Солнце едва поднялось над избами, когда я сопливым мальчишкой сошел с поезда. Я запомнил то утро. На станции было чисто и тихо. Я бросил билет в урну. Тогда я еще не подозревал, что это последняя ниточка, связывающая меня с мирной жизнью, домом, родными. Дежурный надел жезл на плечо, снял красную фуражку и почесал макушку. Потом зевнул и направился в свою дежурку. Я остался на перроне один. Стоял и смотрел на медный флюгер, который неподвижно застыл на цинковой крыше конусной вокзальной башенки. Флюгер указывал на запад. Я любил эту тихую станцию. Сразу за линией начинался сосновый лес. В лесу всегда было полно грибов и ягод. Если идти по шпалам вперед, по направлению к Бологому, то придешь на речку Ладыженпку. А если идти в другую сторону, по направлению к Осташкову, то обязательно повстречаешь глубокую Шлину. Там рыбы много.
Бабушкин дом стоял напротив вокзала. Он немного покосился на одну сторону. От старости. Бабушка рассказывала, что ее дом — первый дом на станции. Дедушка срубил его прямо в лесу. А потом рядом построились Ширяиха, Федулыч, Топтыга, Губины.
Солнце ударило в окна. Казалось, внутри бабушкиного дома заполыхал пожар. На коньке крыши прилепилась скворешня. Скворец уже проснулся и, сидя на жердочке, ковырялся носом в собственных перьях: птичьих блох шпынял. За редкой изгородью зеленели картошка-скороспелка, укроп, лук. Бабушка любила солить грибы, и у нее всякая приправа росла в огороде. Даже черная сморода и крыжовник.

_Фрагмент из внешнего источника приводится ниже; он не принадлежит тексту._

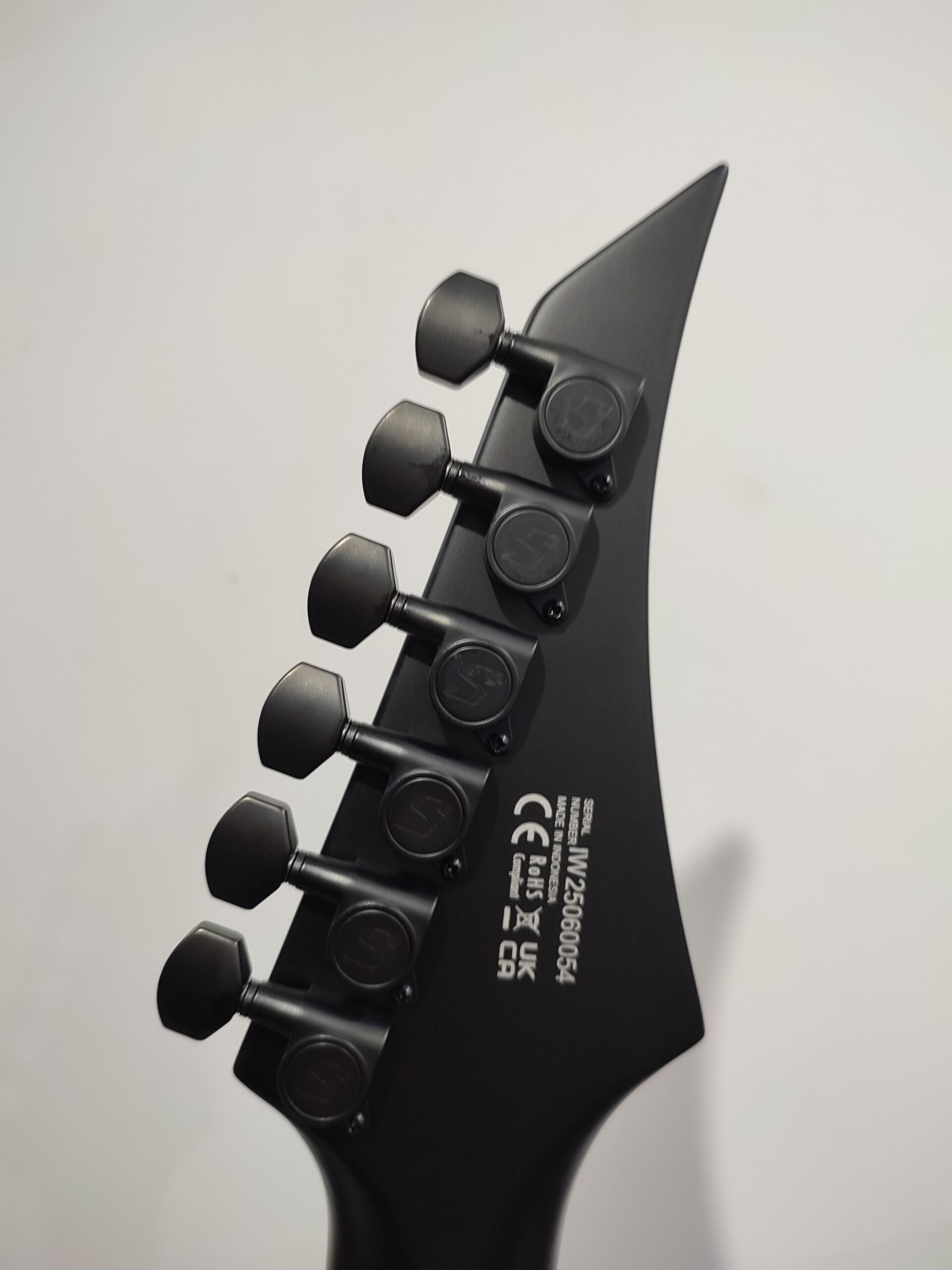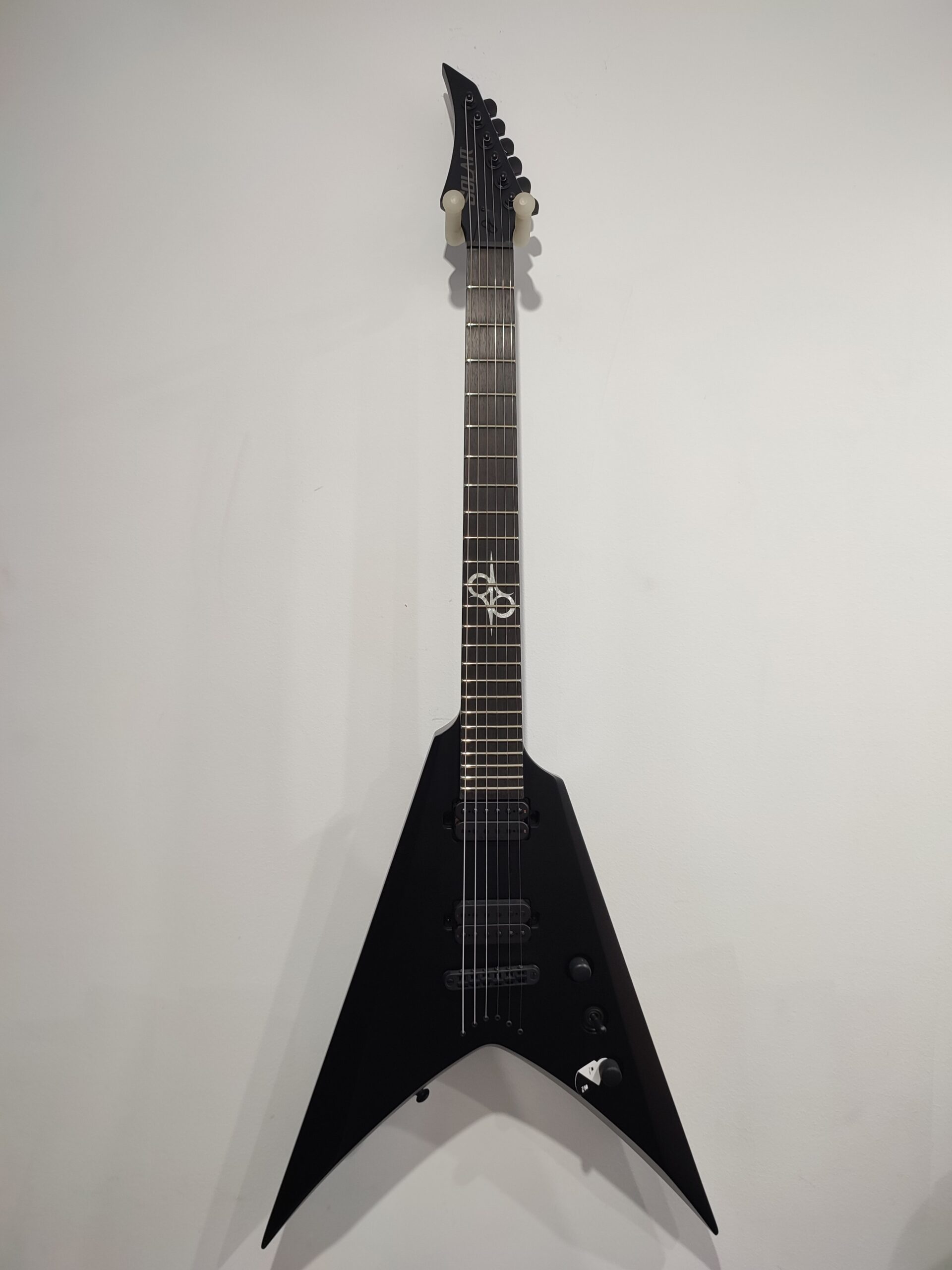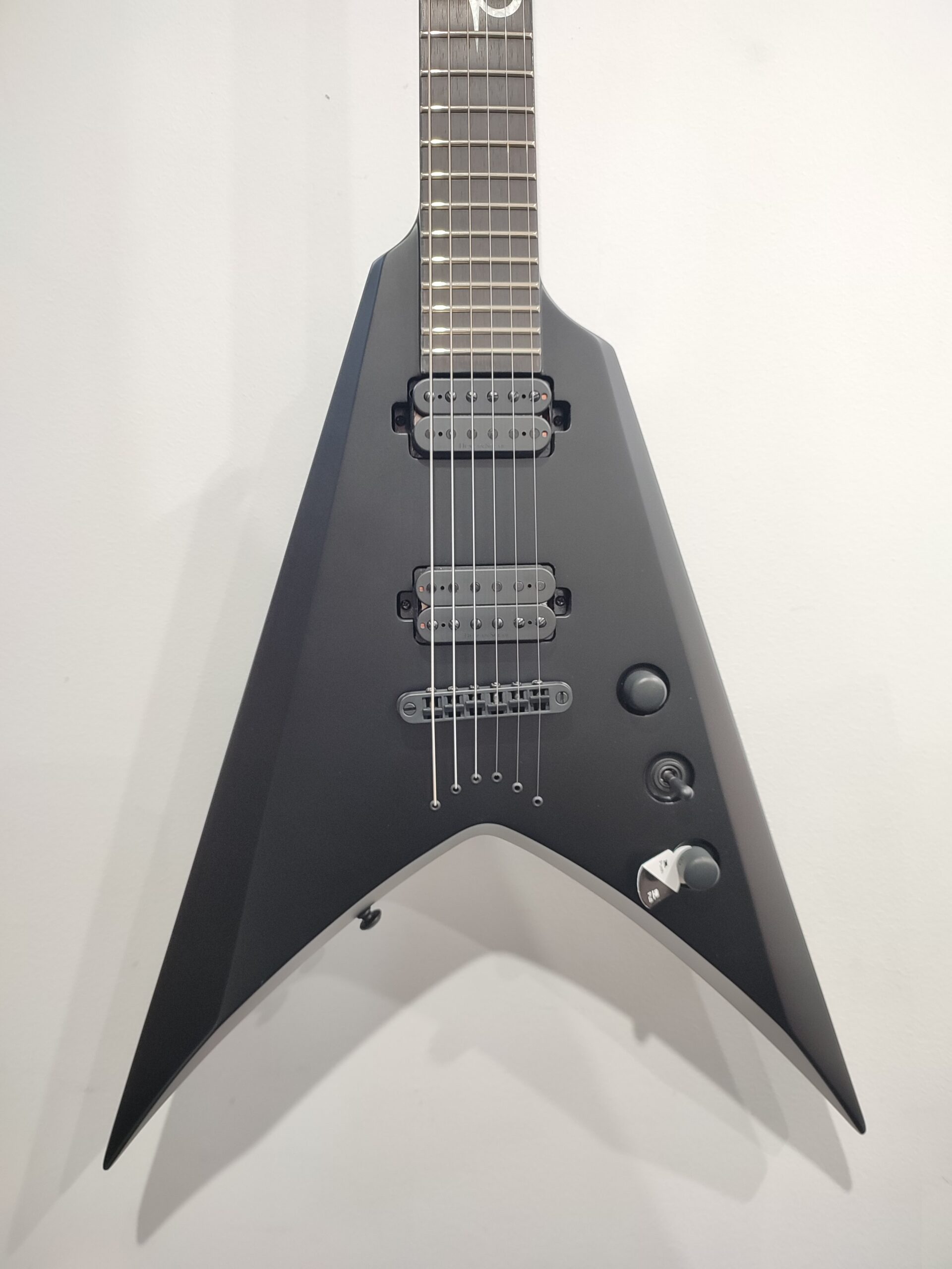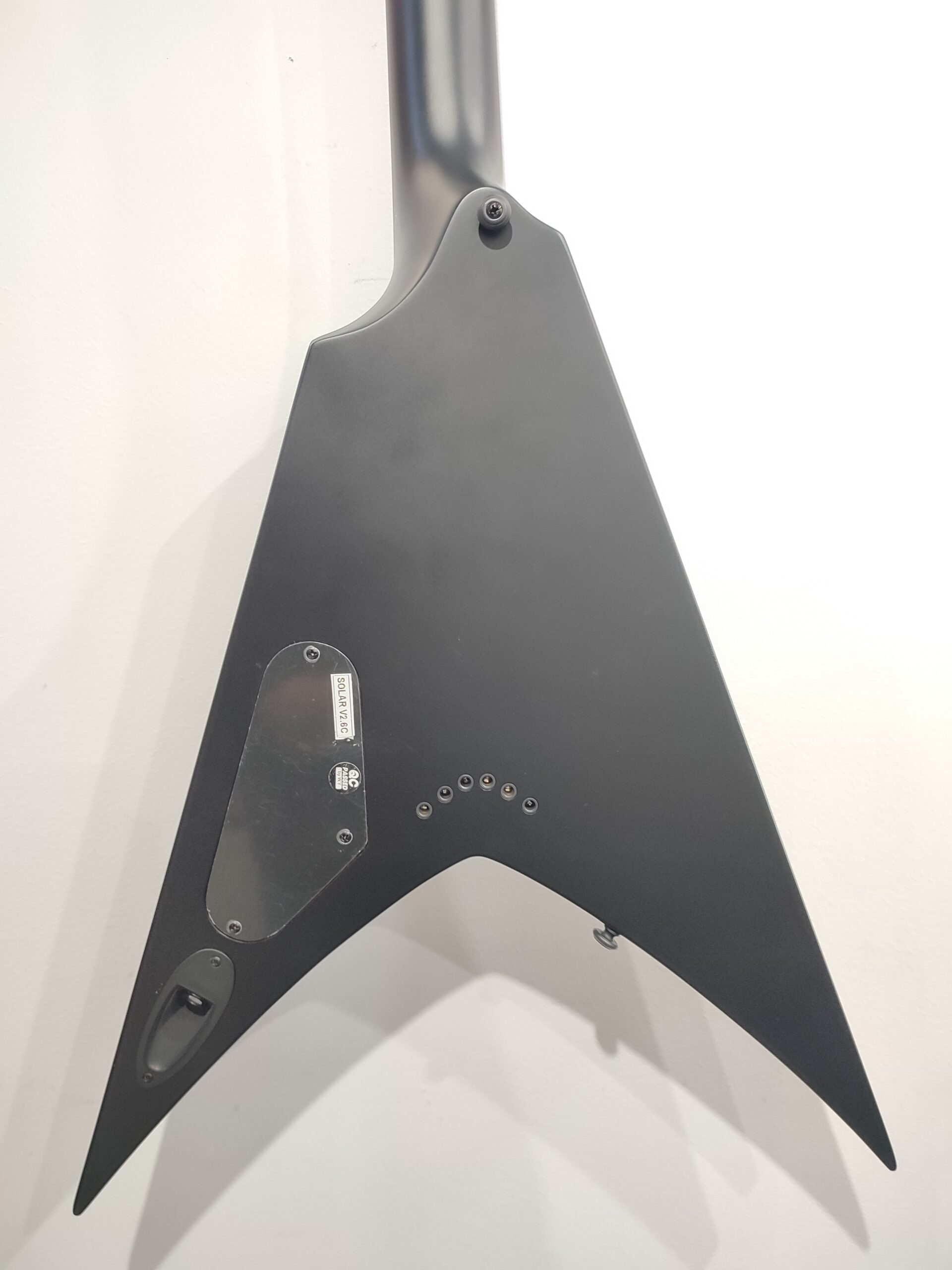 This Type V2.6 guitar will set you apart from everyone else. With its distinctive, stealth looks and feature set, this guitar is a precise, professional instrument suitable for both stage and studio work. Loaded with a reliable string-through-body hardtail bridge and Duncan Solar pickups that provide a full spectrum of tonal options, from organic clean to heavily overdriven, all with fluid sustain and maximum clarity. The Type V2.6 guitar features a set-thru neck/body joint design with 25.5” scale, a mahogany body, a fast, thin, comfortable maple neck, and a rosewood fingerboard with 24 super-jumbo frets. It also includes Solar 18:1 ltuners, PPS nut, black matte hardware, 3-way toggle pickup switching with push-pull and a full access neck. This guitar is available in carbon black matte finish.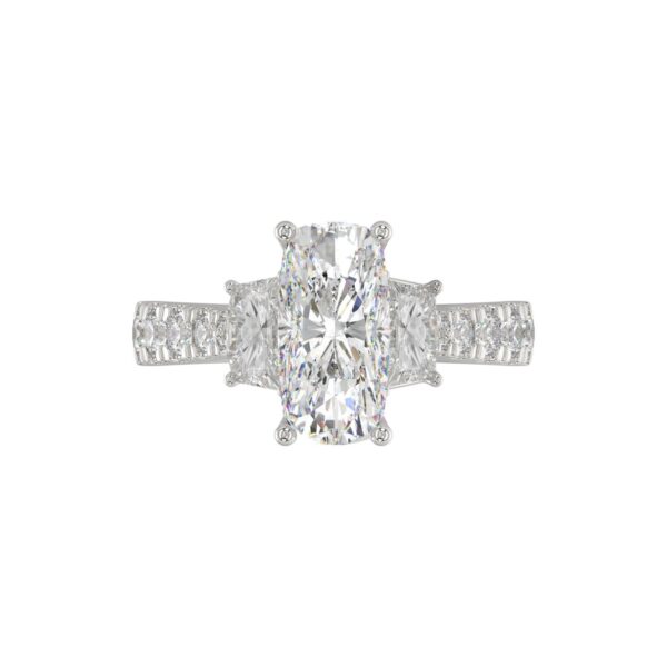 LADIES RING 3.33CT ROUND/CUSHION/BAGUETTE DIAMOND WHITE PLATINUM (CENTER STONE CUSHION DIAMOND 2CT)
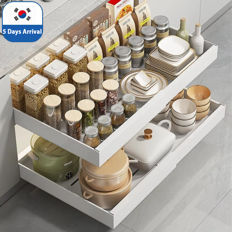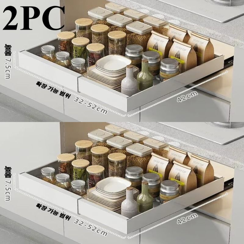 Scalable Pull-Out Storage Kitchen Rack With Slide Rails Drawer Type Organizing Tray Spice Boxes Storage Racks Cabinets Organizer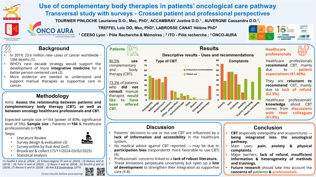 Place et représentations de la thérapie manuelle durant le parcours de soins en oncologie. Regards croisés des patients et des professionnels de santé, enquête nationale par questionnaires (P52)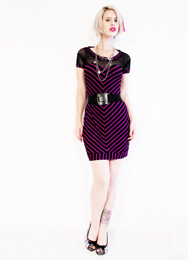 Im totally in love with this purple & black V stripe dress, with a top part made out of glitter fishnet fabric and a killer fit, this hot little dress is a must have item, perfect with opaque tights for winter and as if for summer!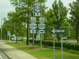 Welcome to West Nyack! NY 59 passes over Sickletown Road (CR 23) and Western Highway (CR 15), but there is no interchange with either.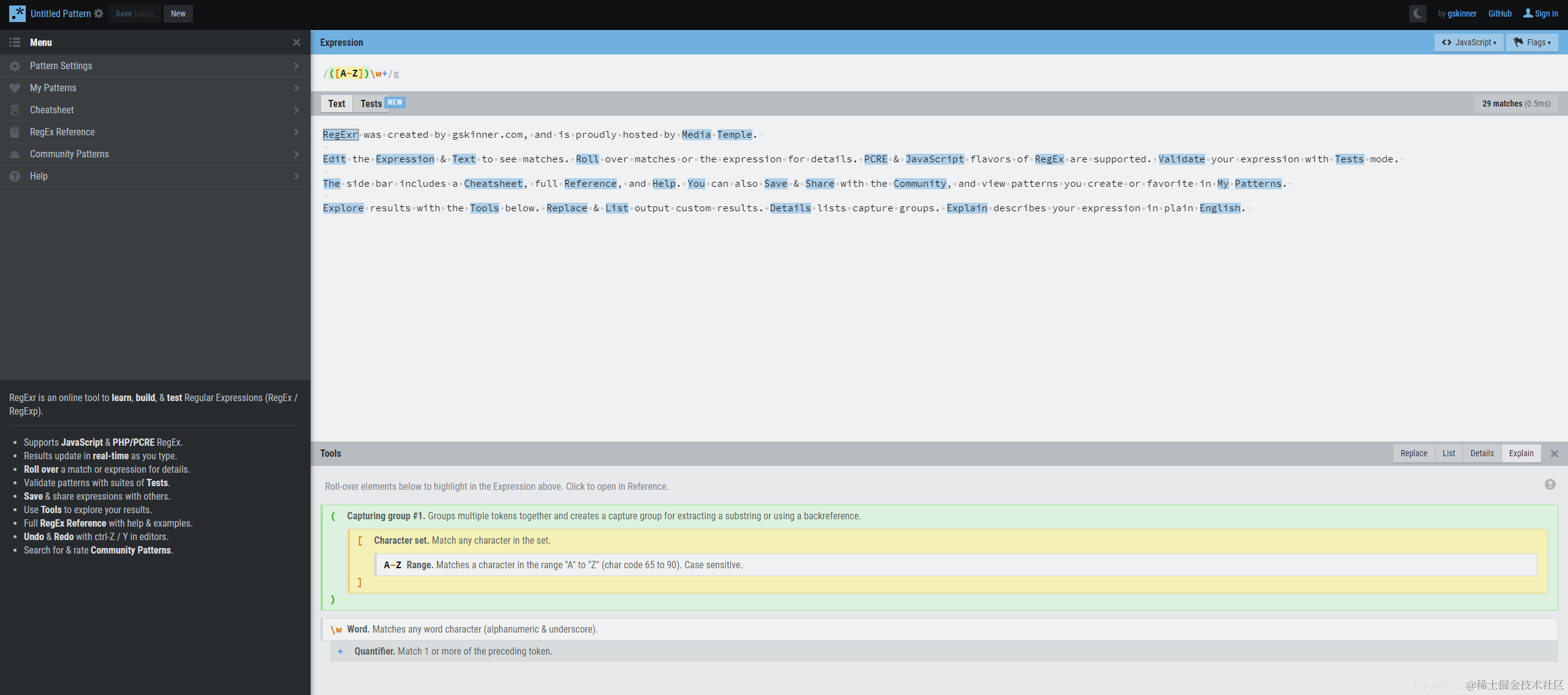 正则表达式在线测试网站推荐 ITIRONMAN 2023-05-06 243 阅读1分钟 大家经常用正则表达式,下面介绍一个超级好用的正则表达式在线测试网站: 超好用正则在线测试:regexr.com/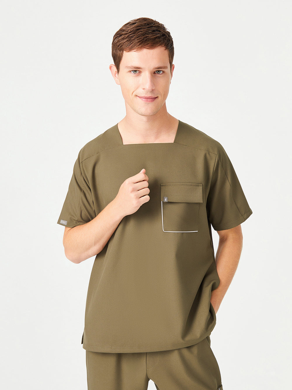 02 Erkek Kare Yaka Scrub Üst - Haki Yeşil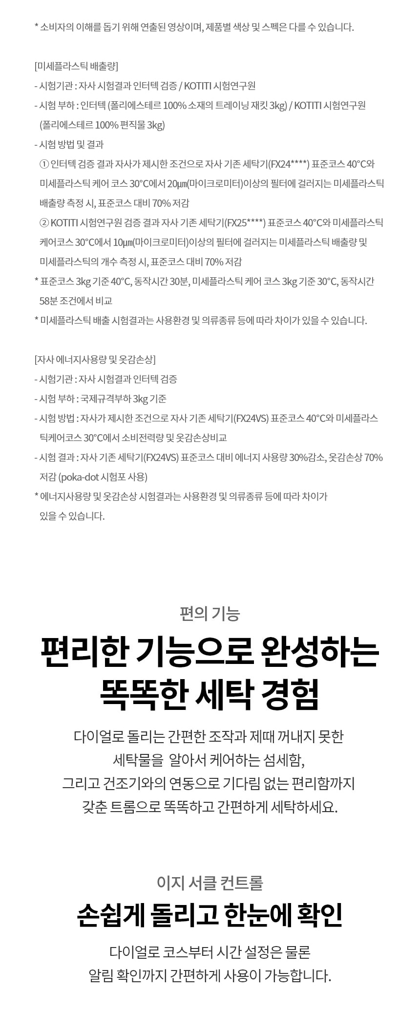 | 정격전압, 소비전력 | 세탁기: 220V / 60Hz / 2200W 건조기: 220V / 60Hz / 1400W |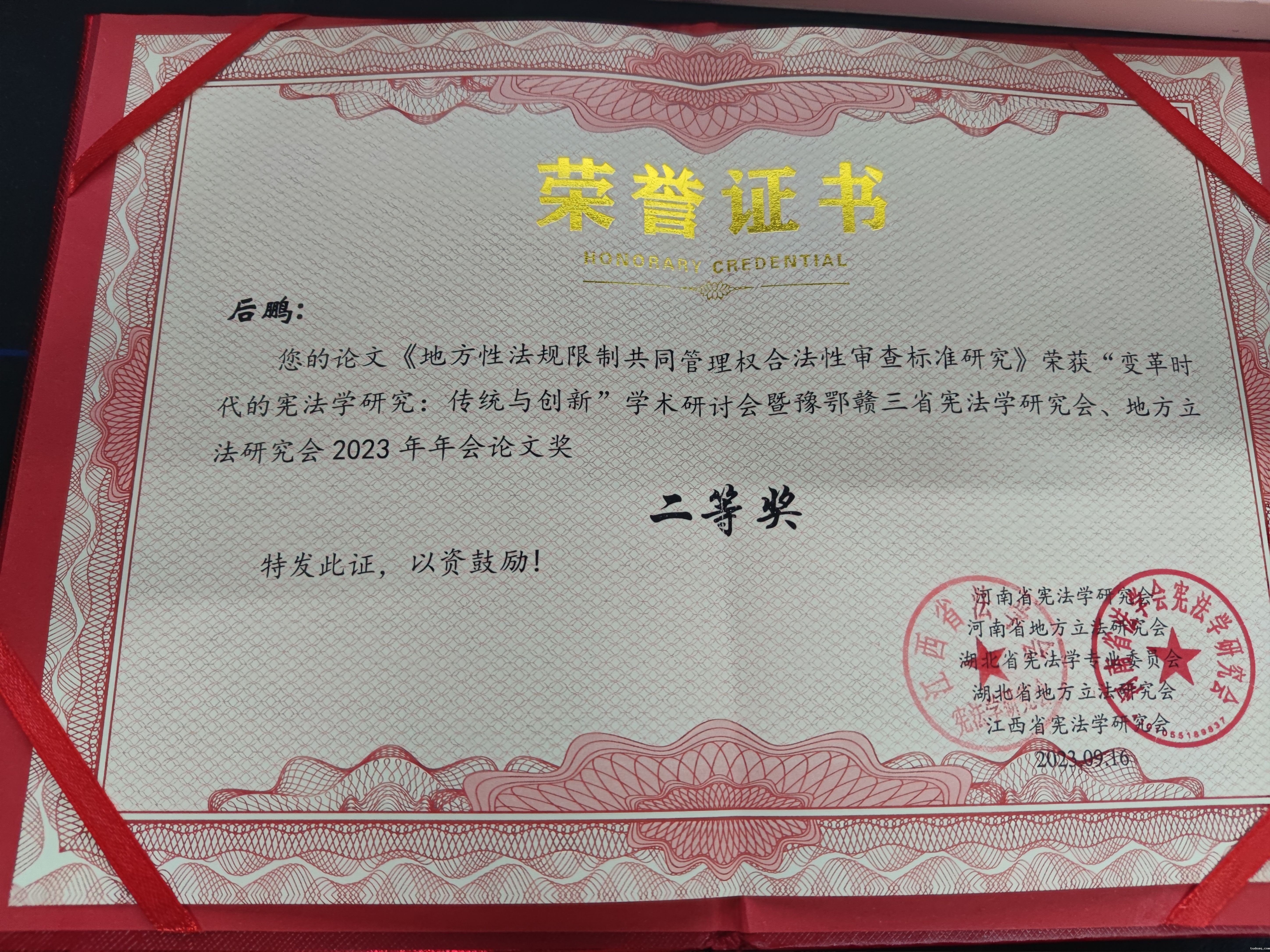 (通讯员 余安琪 学生通讯员 后鹏)2023年9月16日,江西省法学会宪法学研究会和南昌大学共同承办了以“变革时代的宪法学研究:传统与创新”为主题的2023年豫鄂赣三省宪法学、地方立法学研究会年会,法硕2021级研究生后鹏在导师李雷副教授的指导下撰写的论文《地方性法规限制共同管理权合法性审查标准研究》荣获本次年会论文二等奖。

Ранним июньским утром 1941 года поднимаясь на резное крыльцо бабушкиного дома, я еще не знал, что здесь многое предстоит мне испытать…
Откуда-то пришел раскатистый гул. Так ветер приносит среди ясного дня перрвый далекий удар грома. Этот грохот напомнил мне бомбежку на станции Куженкино… На меня тогда обрушилась поленница березовых дров, а на Женьку Ширяева — моего приятеля — кирпичи. Мы спрягались у него в сарае…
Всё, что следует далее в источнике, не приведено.